Tuesday, January 29, 2019

Double Exposure

Posted By on Tue, Jan 29, 2019 at 12:30 PM

click to enlarge fyrenetflix.jpg

There they are, waiting for you. Super-models and Instagram vixens splashing in the Caribbean with the famous swimming hogs of Big Major Cay. Maybe they should have called it the Circe Festival instead of the Fyre Festival. The swindled victims weren’t literally turned to swine. But they weren’t treated much better than pigs.

Most of the world knows what happened, and moreover has had a real good laugh at it. The dueling documentaries Fyre Fraud (Hulu) by Jenner Furst and Julia Willoughby Nason, and Chris Smith’s Fyre: The Greatest Party That Never Happened (Netflix) take slightly different stances on the dreadful fest.

Both tell of how Jersey go-getter Billy McFarland made his name by selling the Magnises credit card to millenials, with a $250 annual fee. There were certain club benefits, disputed by the two docs; Netflix's doc admires the Magnises lounge and club nights. The Hulu version snipes that the Magnises bennies were getting to rub shoulders with guys from Murray Hill, one of NYC’s most boring neighborhoods.

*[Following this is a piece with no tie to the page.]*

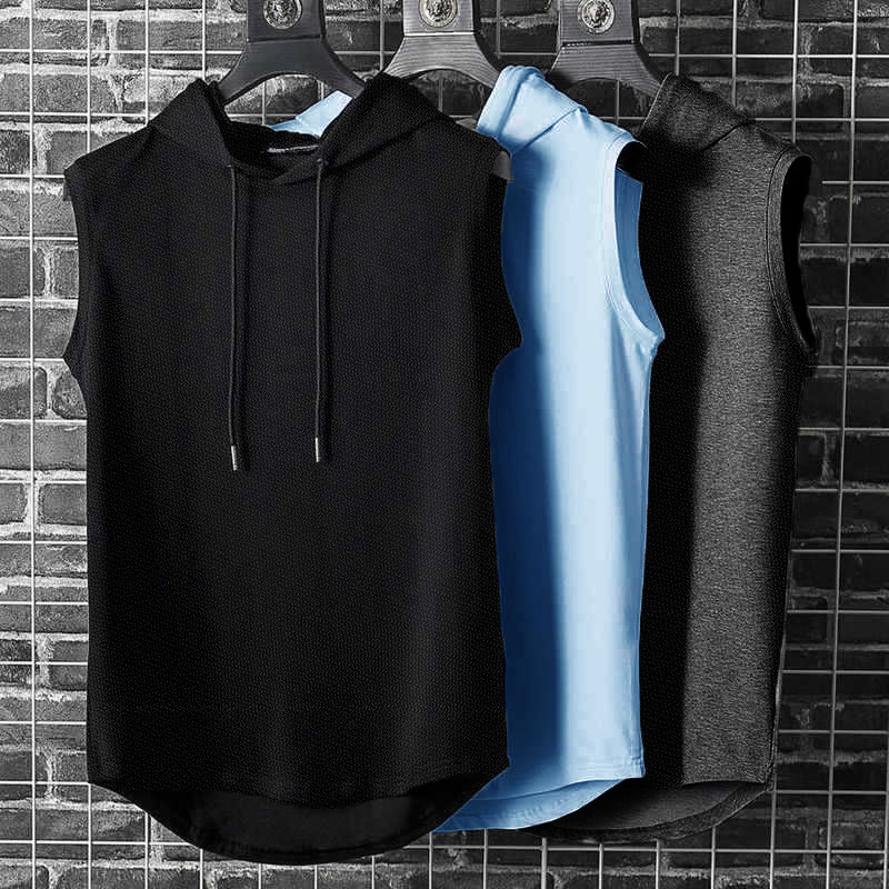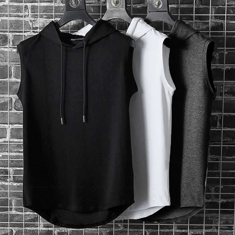 Новый жилет без рукавов, топ, мужская повседневная футболка, однотонная толстовка с капюшоном, футболка на шнуровке, мужские толстовки в стиле хип-хоп
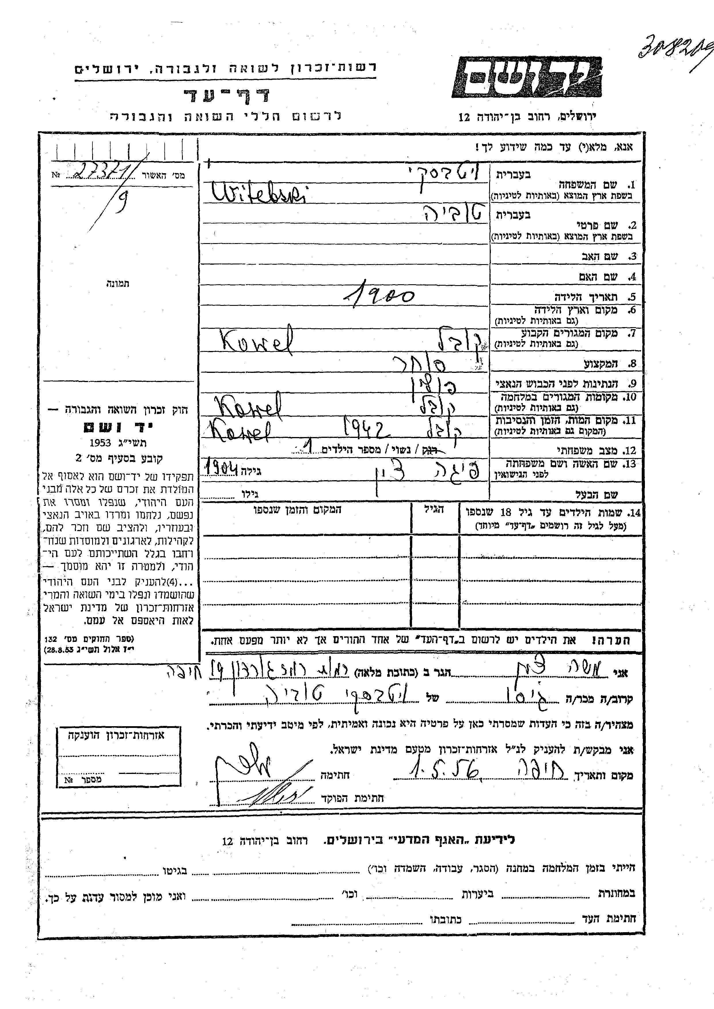 Witebski Tuvia 1900 Kowel, Poland Page of Testimony

These Magnises (was it meant to be short for “Magnificent Penis”?) got McFarland got enough fame in the right places to fund the development of a band-booking ap called Fyre. It was to be promoted with an awesome music festival on a private Caribbean island in spring 2017. Rapper Ja Rule endorsed it to give it street cred. McFarland hired PR, which in turn used “Influencers”—professional inducers of online FOMO.

Everything went wrong. There was inadequate prep time, several changes of location, a surprise rainstorm and the especially bad idea to have the fest during a regatta weekend when there was no rental properties available. The elite arrived to find used disaster relief tents waiting for them, with windows that didn’t keep out the mosquitoes. They rushed back to the states, complaining into their iPhones every step of the way.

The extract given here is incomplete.